Source data:
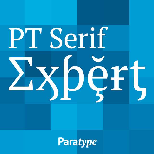 PT Serif Expert второй в ряду экспертных шрифтов, предназначенных не только для обычного использования, но и для изучения. По аналогии с актуальной версией PT Sans Expert, шрифт расширен по составу знаков до полных латинских диапазонов (Latin Extended-A, Extended-B, Extended Additional), базового кириллического диапазона и частично греческого (Greek Monotonic).
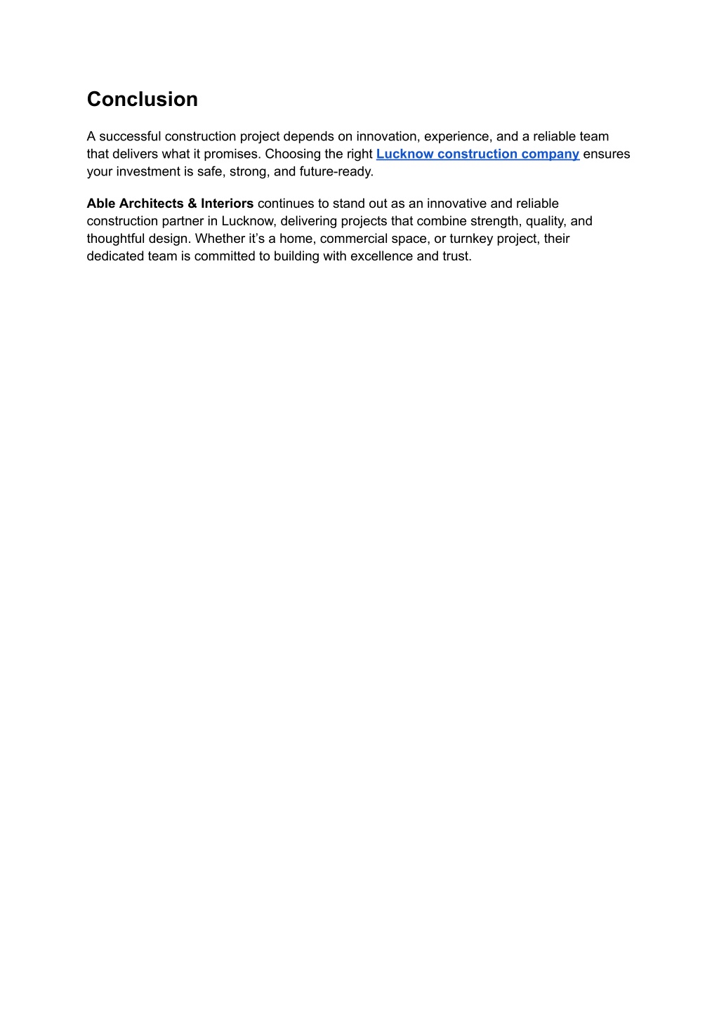 4. Conclusion A successful construction project depends on innovation, experience, and a reliable team that delivers what it promises. Choosing the right Lucknow construction company ensures your investment is safe, strong, and future-ready. Able Architects & Interiors continues to stand out as an innovative and reliable construction partner in Lucknow, delivering projects that combine strength, quality, and thoughtful design. Whether it’s a home, commercial space, or turnkey project, their dedicated team is committed to building with excellence and trust.
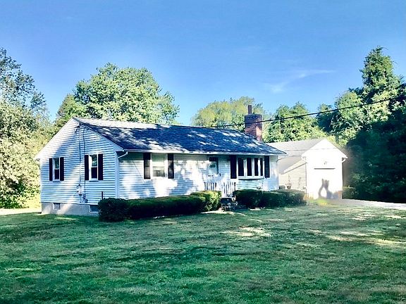 Sought after location on Wilbraham Mountain! Pretty ranch on a beautiful, almost 1 acre lot with mature trees, stonewalls dating back 100 years and plenty of room for future outdoor spaces. Attached 1 car garage with storage. Paneled breezeway with sliders, opens to backyard with sunset views. Kitchen with birch cabinetry, dining area, wall oven, vinyl flooring and countertop range opens to Living room with hardwood flooring, fireplace, bay window and 2 coat closets. Tiled bath with birch double vanity, vinyl flooring and 2 good sized bedrooms with hardwood flooring complete first floor. Well cared for, one owner home with updates, including vinyl siding, roof and replacement windows. Perfect home for starting out, downsizing or adding on! Located minutes to route 20 for easy commuting. New septic system to be installed prior to closing. Please schedule on-line only at Showingtime, easy to show!
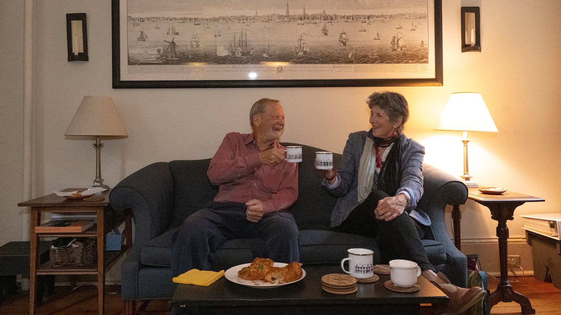 Sue, a retired Philadelphia schoolteacher, and Rob, a retired architect, are active in the Elfreth’s Alley Association. In the 1980s, the association lobbied with other civic groups to get barriers that would block the view of and noise from I-95. Rob designed the brick barrier wall at the end of the alley to blend in with the historic houses.
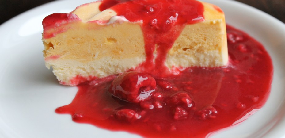 Á meðan gerði ég íssósu úr þriðju flöskunni, hindberja-bláberja-maukinu. Ég setti svona 125 g af frosnum hindberjum í pott, hellti 200 ml úr flöskunni yfir og hitaði rólega þar til hindberin höfðu þiðnað og allt var heitt í gegn (ekki sjóðheitt þó).
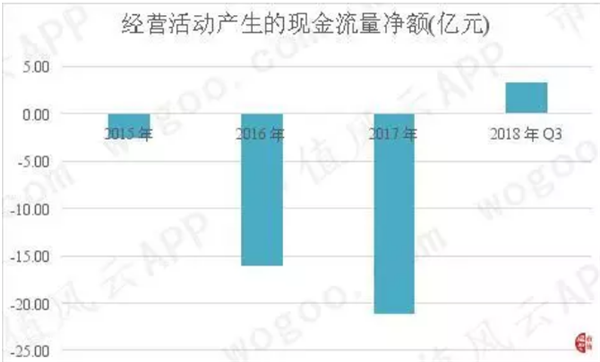 盛運(yùn)環(huán)保2015年至2018年前3季度,經(jīng)營活動(dòng)產(chǎn)生的現(xiàn)金流量凈額分別為-2.51億元、-16.08億元、-21.14億元和3.34億元,累計(jì)金額為-36.39億元,換句話說,公司的經(jīng)營活動(dòng)并沒有給公司帶來凈的現(xiàn)金流入,反而加大了公司的現(xiàn)金凈流出。
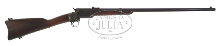 TRIPLETT & SCOTT CIVIL WAR CARBINE. Cal. 50 RF. SN 746. Usual configuration with 30″ rnd bbl, pinched blade front sight & carbine ladder rear sight. Left side of receiver marked “KENTUCKY” which indicates that it was made for the Kentucky Home Guard in a contract of only 3,000 pcs. Wood is straight grain walnut with rounded forearm, sgl band & straight grip with carbine buttplate. It has the unusual feature of sling swivels on top & bottom. This is a 7-shot repeater that operates from a magazine tube located in the left side of the stock & is operated by depressing a release button by the hammer & rotating the bbl to the right which ejects the fired casing and continues on to reload a new cartridge from the magazine. CONDITION: Very fine. Bbl retains about 95% blue turning plum. Receiver retains 25-30% case colors with the balance turning silver. Stock has a crack over the magazine tube area, otherwise the wood is sound and retains most of its orig finish with light handling & storage marks. Crisp mechanics, bright shiny bore with scattered light pitting. 5-60333 JR57 (1,500-2,500)
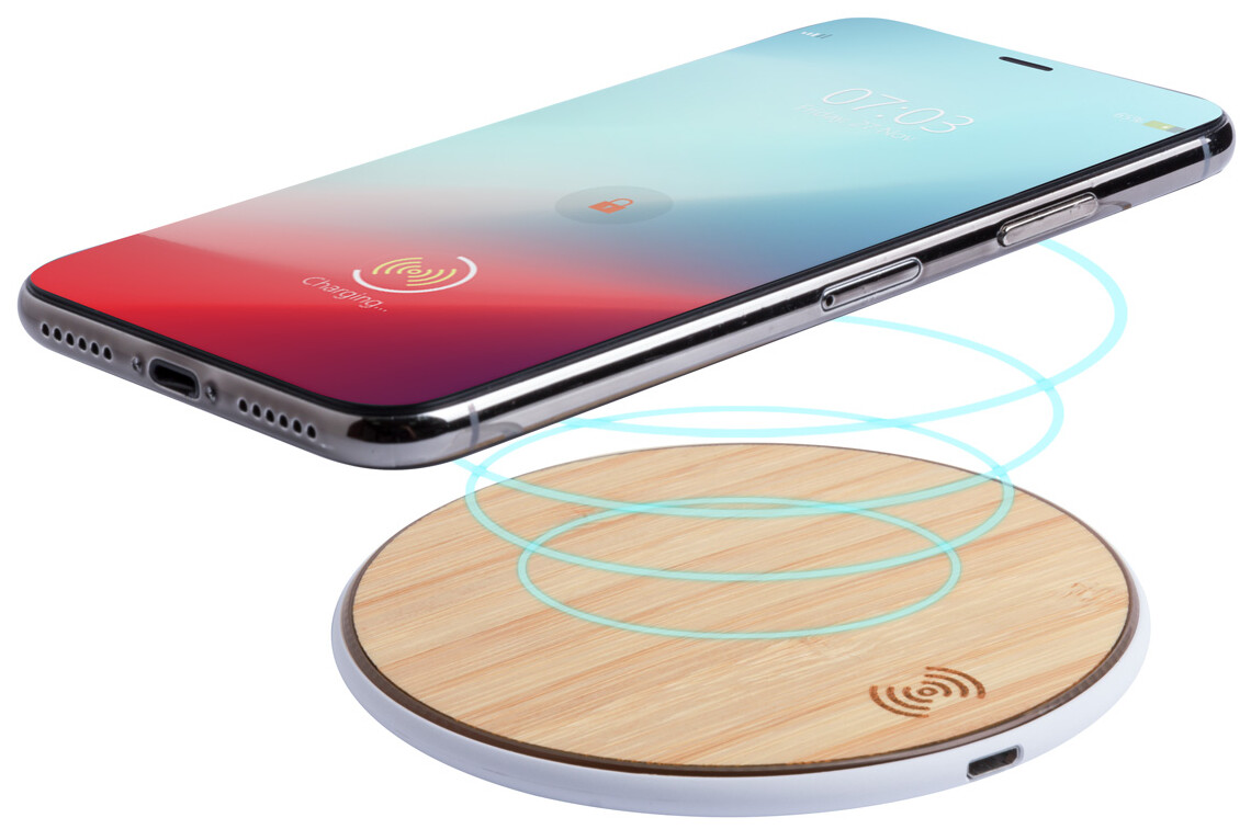 Bezdrátová nabíječka (10W) na mobil s bambusovým krytem. Vč. USB nabíjecího kabelu.

Instructions to follow:
Go back to the lines above and output, exactly as they stand, the ones from the line containing "Sought after location" to the line containing "盛運(yùn)環(huán)". Leave all pictures behind.

Exercise solution:
 Sought after location on Wilbraham Mountain! Pretty ranch on a beautiful, almost 1 acre lot with mature trees, stonewalls dating back 100 years and plenty of room for future outdoor spaces. Attached 1 car garage with storage. Paneled breezeway with sliders, opens to backyard with sunset views. Kitchen with birch cabinetry, dining area, wall oven, vinyl flooring and countertop range opens to Living room with hardwood flooring, fireplace, bay window and 2 coat closets. Tiled bath with birch double vanity, vinyl flooring and 2 good sized bedrooms with hardwood flooring complete first floor. Well cared for, one owner home with updates, including vinyl siding, roof and replacement windows. Perfect home for starting out, downsizing or adding on! Located minutes to route 20 for easy commuting. New septic system to be installed prior to closing. Please schedule on-line only at Showingtime, easy to show!
 Sue, a retired Philadelphia schoolteacher, and Rob, a retired architect, are active in the Elfreth’s Alley Association. In the 1980s, the association lobbied with other civic groups to get barriers that would block the view of and noise from I-95. Rob designed the brick barrier wall at the end of the alley to blend in with the historic houses.
 Á meðan gerði ég íssósu úr þriðju flöskunni, hindberja-bláberja-maukinu. Ég setti svona 125 g af frosnum hindberjum í pott, hellti 200 ml úr flöskunni yfir og hitaði rólega þar til hindberin höfðu þiðnað og allt var heitt í gegn (ekki sjóðheitt þó).
 盛運(yùn)環(huán)保2015年至2018年前3季度,經(jīng)營活動(dòng)產(chǎn)生的現(xiàn)金流量凈額分別為-2.51億元、-16.08億元、-21.14億元和3.34億元,累計(jì)金額為-36.39億元,換句話說,公司的經(jīng)營活動(dòng)并沒有給公司帶來凈的現(xiàn)金流入,反而加大了公司的現(xiàn)金凈流出。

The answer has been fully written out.